Y₂O₃, Nb₂O₅, and La₂O₃ are components that enhance mechanical properties such as Young's modulus. When a total amount or individual content of these components is too large, the raw material cost is likely to increase. Therefore, the total amount and individual content of

Y₂O₃, Nb₂O₅, and La₂O₃ are preferably from 0% to 5%, more preferably from 0% to 1%, from 0% to 0.5%, and particularly preferably from 0% to less than 0.5%.

Fe₂O₃ is a component that may be mixed in from the glass raw material and is also a component that colors the glass. When a raw material having a high purity is used to reduce a content of Fe₂O₃, the raw material cost is likely to increase. On the other hand, when the content of Fe₂O₃ is too large, the glass substrate is colored, making it difficult to use for a display application. A suitable content range for Fe₂O₃ is from 0% to 0.05%, from 0.0005% to 0.03%, and particularly from 0.001% to 0.02%.

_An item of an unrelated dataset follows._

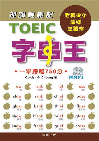 TOEIC必考單字‧用押韻輕鬆記老美從小這樣記單字!你知道美國小朋友是怎樣記單字的嗎?他們除了利用字卡,在上面寫下單字、例句、用法跟同義字之外,也經常利用押韻來記單字哦!他們背單字時,會把單字唸出來,一邊開口唸一邊練習拼字,同時了解單字的意思與用法。對老美來說,押韻的單字因為帶有韻律,就如歌一般容易深植人心,而一再重複的尾音,就是加深記憶的主要原因。本書由《TOEIC節奏聽單》一書改版,為了突顯押韻單字串的重要性,我們將版面做了適當的調整,讓學習變得更簡單。書中利用「押韻分類法」,將押韻的單字「串」在一起,這些字尾發音相同、拼法一樣的單字串就像個大家庭,家中每個成員的外貌都有雷同之處,聲音也很類似,一起把它們學起來、記下來,學習效率事半功倍。在準備TOEIC考試的過程中,背誦單字被視為加強實力的不二法門,只要利用單字串押韻的特性,就可以輕鬆記住,加速提升單字實力。全書依5大母音A‧E‧I‧O‧U分為5大單元,主要特色如下:●以發音為分類依歸,只要開口唸出押韻單字串,或聽MP3中專業錄音員的示範,就能感受單字間流動的節奏與韻律。●利用單字字尾重複的發音,自然而然幫助記憶。●以單字串的尾韻作為標題,並用紅色字標記押韻部分,讀者使用本書時便能一目瞭然。●單字+詞組+句子的組合,由單字漸進延伸至句子,學習一氣呵成。●在TOEIC頻出單字前面加註*號,提醒讀者特別注意。●隨書附有精心錄製的MP3,收錄全書內容。除了一般使用方法之外,讀者可用各種零碎時間,或剛就寢入睡前的片刻,把MP3當成背景音樂來聽,不需特別專注傾聽,固定的節奏與重複的韻律就能加深你對單字的印象,達到有效記憶。

ZrO₂ is a component that may be mixed in from a refractory used in a glass manufacturing kiln. When the content of ZrO₂ is too large, devitrified crystals are likely to precipitate. On the other hand, when the content of ZrO₂ is to be reduced, the melting temperature needs to be lowered, and in this case, it is difficult to melt the glass. Therefore, a suitable content range for ZrO₂ is from 0% to 0.5%, from 0.0001% to 0.5%, from 0.001% to 0.4%, and particularly from 0.005% to 0.3%.

Cl is a component that facilitates initial melting of a glass batch. In addition, the addition of Cl can facilitate the action of the fining agent. As a result, it is possible to extend the life of the glass manufacturing kiln while reducing the melting cost. However, when the content of Cl is too large, the strain point is likely to decrease, and in the case of being used for a display application, there is a concern that total pitch deviation occurs. Therefore, a suitable content range for the content of Cl is from 0% to 3%, from 0.0005% to 1%, and particularly from 0.001% to 0.5%. Note that, as a raw material for introducing Cl, a raw material such as a chloride of an alkaline earth metal oxide, an example being strontium chloride, or aluminum chloride can be used.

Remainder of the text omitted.